Я растерялась. Что? Но я, кажется, уже все сказала. Неужели этот Шаретт так глуп, что не понимает моей просьбы? Или не желает понимать?

– Ну и что?

– Ну, я же не могу сама, без сил, без средств, преодолеть линию фронта, ту территорию, где идут бои. Это почти невозможно. А мне непременно нужно быть у отца.

Я уже и не заикалась о Бретани, о Сент-Элуа. Если Шаретт так реагирует на Иль-и-Вилэн, то о более дальних краях и говорить не стоит.

– Мой отец, он сражается за то же, что и вы. За Бога и короля. Он будет вам очень благодарен, если вы поможете мне соединиться с ним. Ведь я его единственная дочь. И я полагала, что вожди повстанцев должны помогать друг другу.

– Почему?

– Почему? – переспросила я удивленно.

– Да. – Шаретт казался очень спокойным, но левое веко у него конвульсивно дергалось. – Почему ты так полагала?

Я совсем утратила нить разговора. Он что – болван?

– Признаться, господин граф, я не знаю, что вам ответить. Взаимопомощь обычно считается благородным делом. И если только вы дворянин, то вас положение обязывает. Я считала вас способным на благородные поступки.

– Ты ошибалась.

Кровь прилила мне к лицу. Этот безапелляционный тон, это «ты», это странное поведение выводило меня из себя. Мьетта говорила мне, что Шаретт – свинья. Но не до такой же степени…

– Почему вы, собственно, говорите мне «ты», господин де Шаретт? Возможно, я и ошиблась, но это никак не объясняет.

– Объясняет, – прервал он меня.

– Я всем женщинам говорю «ты». На земле нет такой женщины, которая удостоилась бы от меня «вы». Даже королева.

– Для аристократа у вас довольно странные привычки.

– Не тебе их обсуждать.

Я замолчала, сознавая, что таким же образом он будет отвечать на все мои слова. Я уже жалела, что пришла сюда. Достаточно вспомнить тот прием, который оказали мне, – рука, схватившая за горло, кинжал – чтобы понять, что разговор вряд ли стоил таких испытаний. Я была почти уверена, что Шаретт мне откажет. Чего еще ожидать от такого мстительного подозрительного субъекта, от негодяя, который несколько раз называл меня шлюхой и стервой.

– Хорошо, – произнес он, играя пистолетом. – Ты много тут наболтала. Я тебя очень терпеливо выслушал. Допустим, что я даже поверил твоим бредням. Но главное, что я понял, так это то, что ты до крайности глупа. Иначе как ты могла подумать, что я сделаю хоть что-нибудь просто так для какой-то смазливой бабенки?

– Что значит «просто так»? – спросила я настороженно.

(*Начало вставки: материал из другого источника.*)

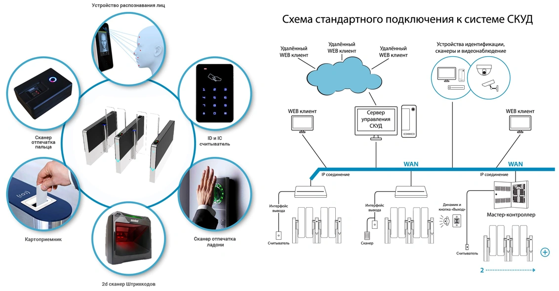 - Интеграция с различными системами контроля доступа, в том числе с биометрическими сканирующими устройствами, радиочастотными идентификаторами и прочими устройствами идентификации

– Вы хотите денег за услугу, о которой я вас прошу? Должна вам признаться, денег у меня нет. Но можете быть уверены, что, как только я приеду к отцу, вам хорошо заплатят. Вы потратитесь только на лошадей и несколько человек охраны, а получите в сто раз больше. Я знаю, отец ничего не пожалеет для вас. Он так давно мечтал увидеть меня.

Шаретт снова разразился уже знакомым мне оглушительным смехом – прямо-таки гоготом, не иначе, вскочил на ноги, перегнулся через стол ко мне:

– Ну и дура же ты! Что ты тут болтаешь? Да я пальцем о палец ради твоего папаши не ударю, и если уж на то пошло, то я твоего папашу презираю больше всех. Он – самое большое ничтожество во всей этой дерьмовой армии. И знаешь почему? Потому что он, идиот, верит в то, за что воюет.

Я с трудом проглотила комок гнева, подступивший к горлу. Можно было подумать, что я разговариваю с санкюлотом, с извозчиком с Вандомской площади, а не с отпрыском знаменитого рода графов де Шареттов де ла Контри.

– Ну, а вы? Вы что же, не верите в то, за что воюете? Зачем же в таком случае война?

Он взглянул на меня так презрительно, словно ничтожнее существа, чем я, ему и встречать не приходилось.

– Война – это война. Я люблю войну. Но мне плевать, за что она ведется. Мне нравится убивать и насиловать, вешать и пытать, вот и все. Но не с тобой об этом говорить.

– Да, конечно! – произнесла я возмущенно. – Такому мерзавцу, как вы, трудно найти во мне достойного собеседни…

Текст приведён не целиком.